3.0 KiB
+++ title = "§9 Generating Embeddings in Rust" priority = 5 status = "done" ticket_type = "task" dependencies = [] +++
§9 Generating Embeddings in Rust — Stub to fill
File: edu/src/vector-db.md, section ### 9. Generating Embeddings in Rust
Replace this stub line with full section content:
Before you can search by meaning, you need a way to convert text into vectors. [...] 🚧 Full content tracked in [nbd:4c961f].
This is a reading lesson with short code snippets — not a full exercise. The reader should finish with working embedding code they can use in §10–§12. Target 400–600 words.
Learning objectives
- Know two approaches to generating embeddings in Rust: local model (fastembed) and HTTP API
- Understand how to call fastembed to embed strings locally with no API key
- Understand how to call an OpenAI-compatible embeddings endpoint
- Know which approach to use for the exercises and why (fastembed — offline, deterministic)
- Understand how embedding dimension affects the
F32_BLOB(d)column type
Content to write
Option A — fastembed-rs (local, recommended for exercises). No API key required, works offline, CPU-only, deterministic results.
Cargo.toml addition:
fastembed = "4"
Basic usage (BGE-Small-EN-v1.5, 384 dimensions, ~130MB model downloaded once to ~/.cache/huggingface/hub/ on first run):
use fastembed::{TextEmbedding, InitOptions, EmbeddingModel};
let model = TextEmbedding::try_new(
InitOptions::new(EmbeddingModel::BGESmallENV15)
.with_show_download_progress(true),
)?;
let docs = vec!["hello world", "Rust is fast"];
let embeddings: Vec<Vec<f32>> = model.embed(docs, None)?;
// embeddings[0].len() == 384
Batch embedding (passing multiple strings at once) is more efficient than embedding one at a time — use a single model.embed() call for the whole corpus.
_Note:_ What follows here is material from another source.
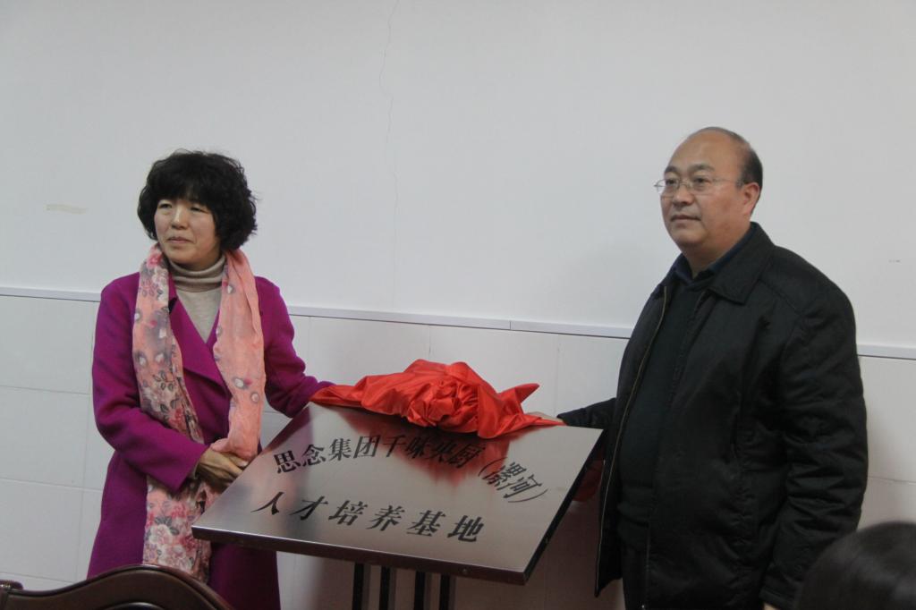 吴玉堂分别和陈瑞华、刘庆伟、苏玉霞在学徒制培养合作协议上签字并分别为郑州市仟吉食品(漯河)烘焙公司、思念集团千味食品(漯河)人才培养基地和天瑞集团(漯河)营养与健康管理公司揭牌。

Option B — HTTP API (OpenAI-compatible). Higher quality models, requires API key and network access.
Cargo.toml additions:
reqwest = { version = "0.12", features = ["json"] }
serde = { version = "1", features = ["derive"] }
serde_json = "1"
Show a minimal async function that POSTs to the embeddings endpoint and returns Vec<Vec<f32>>. Include the request/response struct definitions with serde derives. API key from std::env::var("OPENAI_API_KEY").
Choosing between them. Recommend fastembed for §10–§12 because: no API key, no network dependency, deterministic results (important for exercises), sub-100ms per batch on CPU. Use the HTTP approach when you need a specific production-grade model or have one already deployed.
Dimensionality note. The F32_BLOB(d) column type must match the model's output dimension exactly — you cannot mix dimensions. Change the DDL from the toy F32_BLOB(3) used in §6–§8 to F32_BLOB(384) for BGE-Small, F32_BLOB(768) for all-MiniLM-L6-v2, or F32_BLOB(1536) for OpenAI text-embedding-3-small. The index must also be dropped and recreated if you change the dimension.